"Then why don't people die? Why aren't we sick?"
"Because we have sickened and recovered. We caught it on conception and recovered before birth. Proof? Why do you think that the countries which were known as the Hungry Lands are now well-fed, leisured, educated, advanced? Because the birth rate has fallen! Why has the birth rate fallen?" He paused, then very carefully said, "Because two out of three of all people who would have lived have died before birth, slain by Syndrome Plague. We are all carriers now, hosts to a new guest. And"—his voice dropped to a mock sinister whisper—"with such a stranger within our cells, at the heart of the intricate machinery of our lives, who knows what subtle changes have crept upon us unnoticed!"
His companion laughed. "Eat your breakfast. You belong on a horror program!"
A police psychologist for the Federated States of The Americas was running through reports from the Bureau of Social Statistics. Suddenly he grunted, then a moment later said, "Uh-huh!"

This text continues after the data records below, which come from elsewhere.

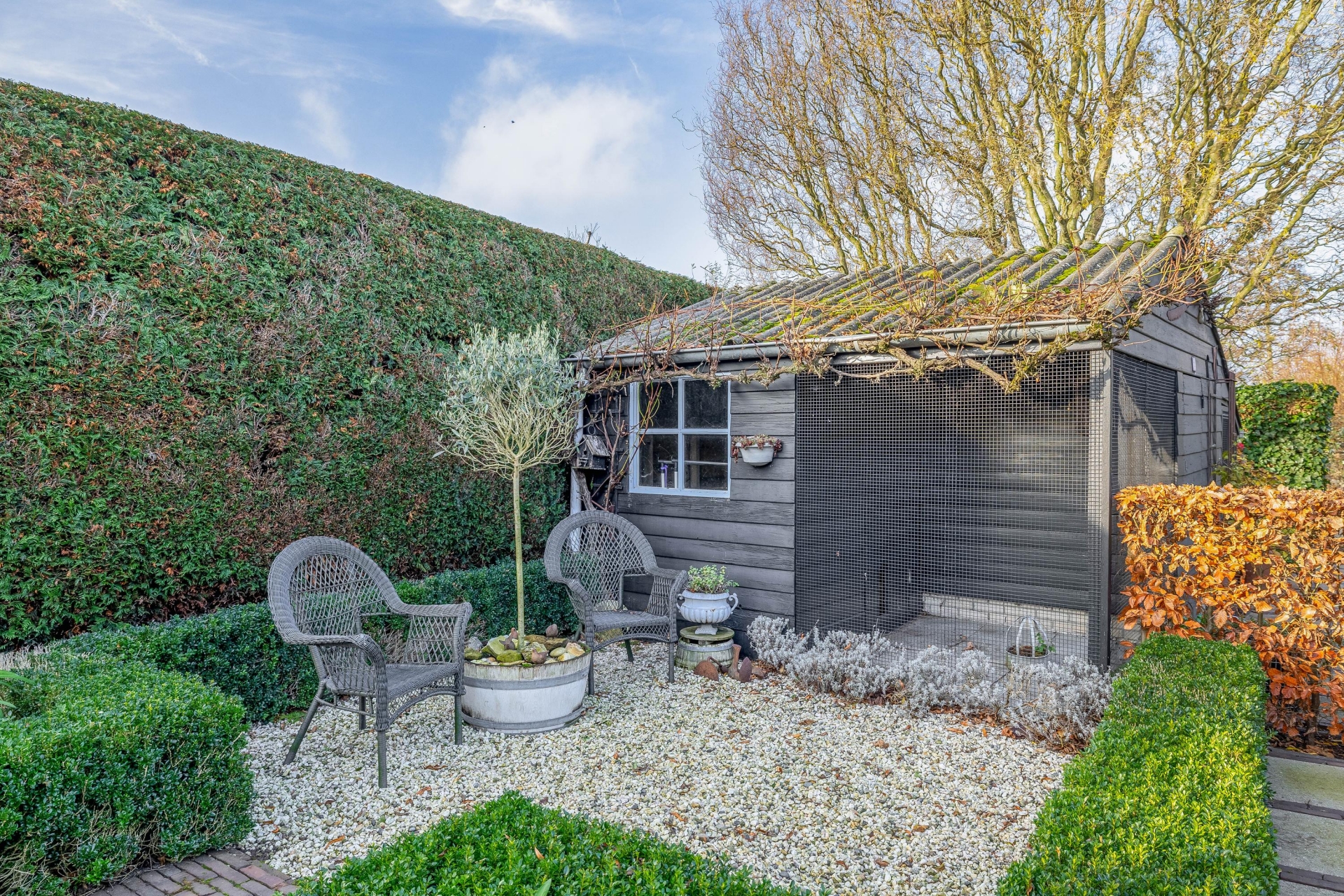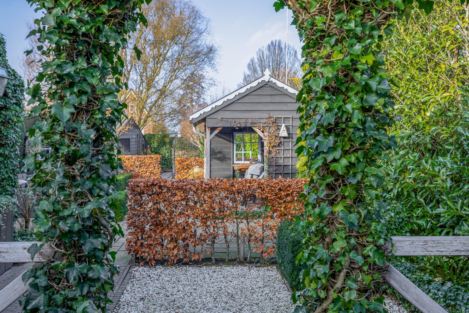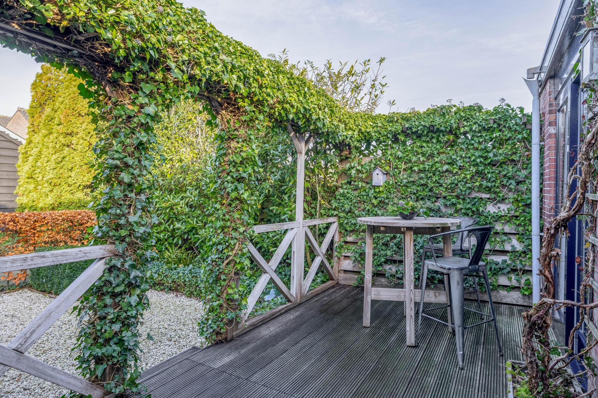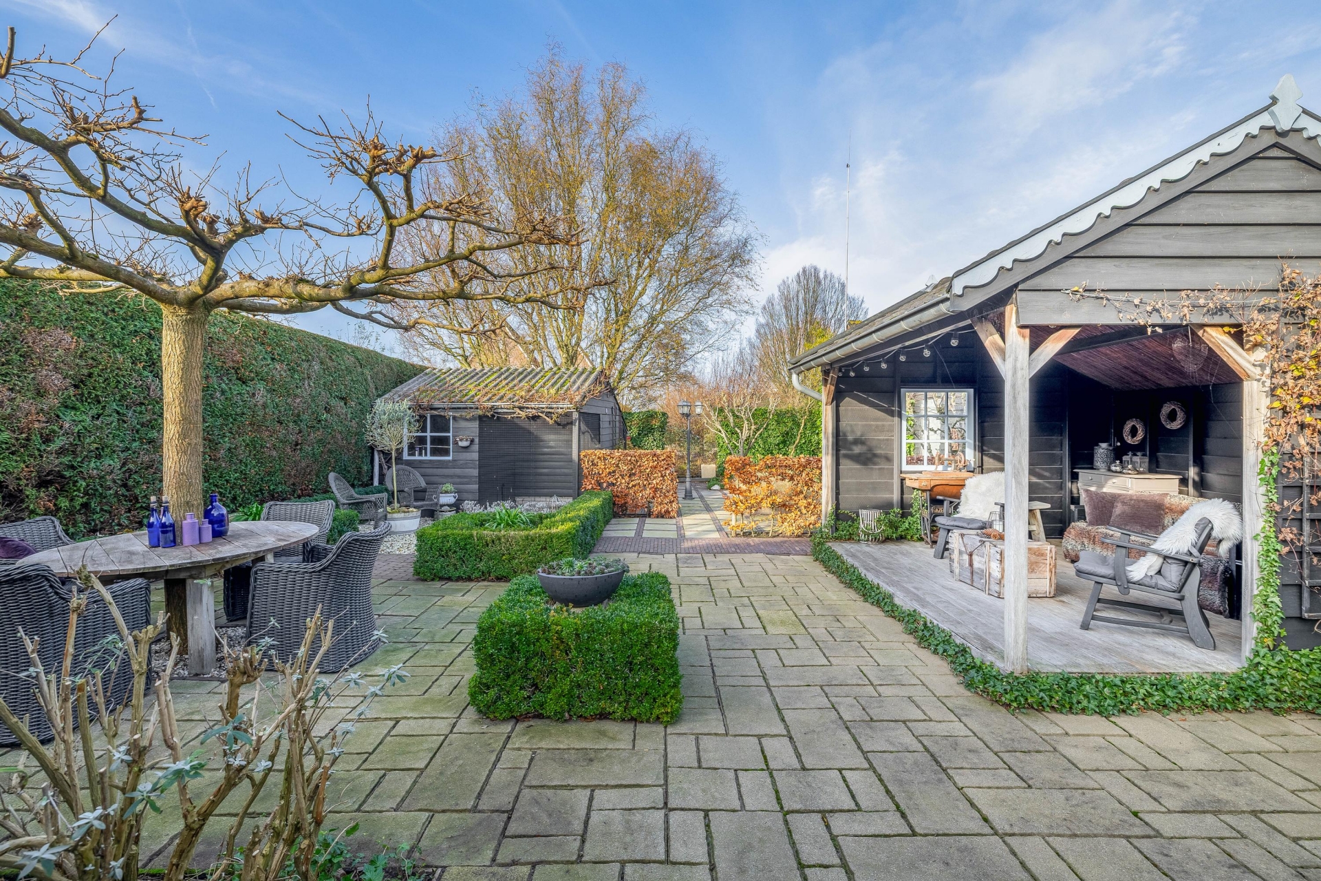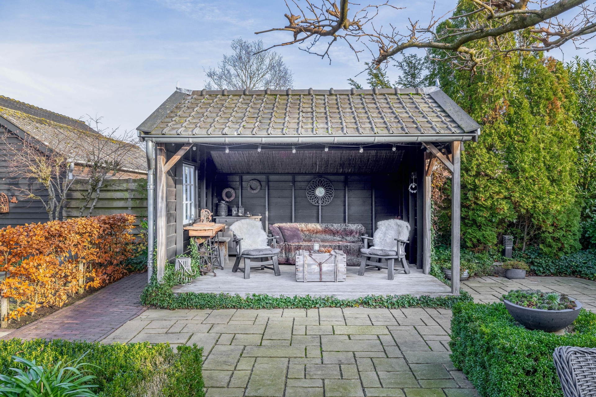 De fraai aangelegde tuin is absoluut een pluspunt. Door de ligging op een hoekperceel en het volwassen groen biedt de tuin optimale privacy. De achterzijde is voorzien van meerdere bergingen én een sfeervolle houten overkapping, perfect ingericht als buitenzit met een gezellige loungeset. Een ideale plek voor een zomeravond, een kop koffie in de ochtendzon of een barbecue met vrienden.
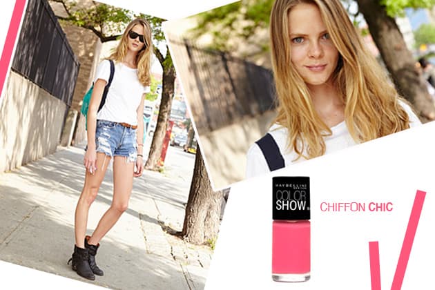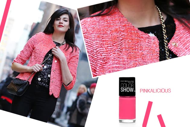 Este tono es como el rosa chicle de la colección. En este caso la elección es un look en total black y un accesorio de color vibrante a tono con el esmalte.
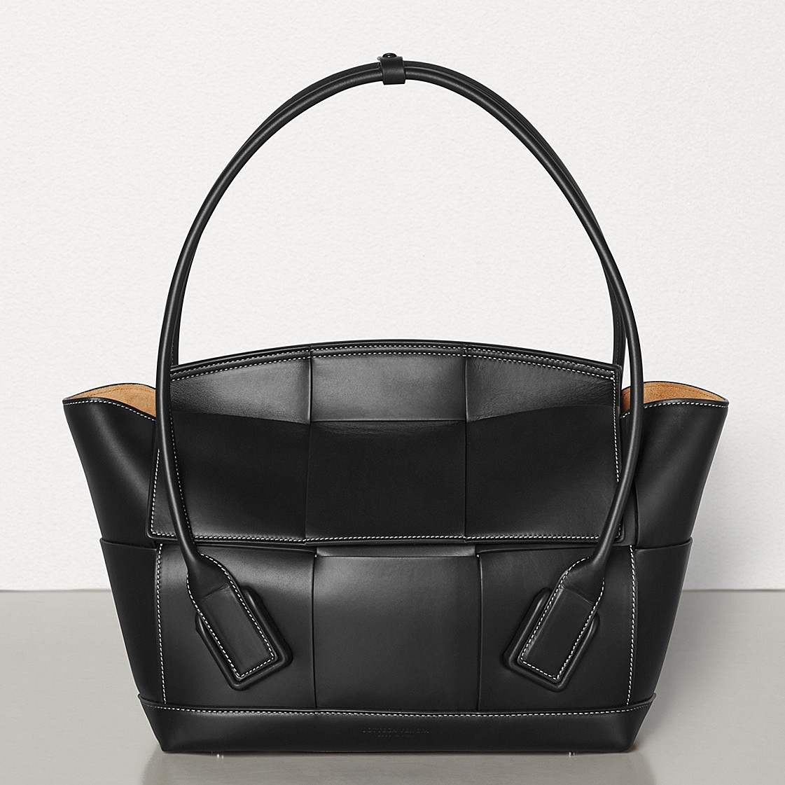 - French Calf with a natural finish- Arc-shaped top panel echoed by curved handles- Bonded suede interior with one zipped pocket and two open pockets- Rolled leather handles secured with a snap-button leather loop- Finished with a fine contrast saddle stitchSize: 48(top length) x 32(base length) x 24 x 12 cmComes with Bottega Veneta dust bag and authenticity card.

"Uh-huh what?" asked his superior, who was reading a newspaper with his feet up on the desk.
"Remember the myth, of Syndrome Johnny?"
"Ghost of Syndrome Plague. Si, what of it?"
"Titaquahapahel, Peru, population nine hundred, sent in a claim that he turned up there and they almost caught him. Crime Statistics rerouted the report to Mass Phenomena, of course. Mass Phenomena blew a tube and sent their folder on Syndrome Johnny over here. Every report they ever had on him for ninety years back! A memo came with it." He handed the memo over.
The man behind the desk looked at it. It was a small graph and some mathematical symbols. "What is it?"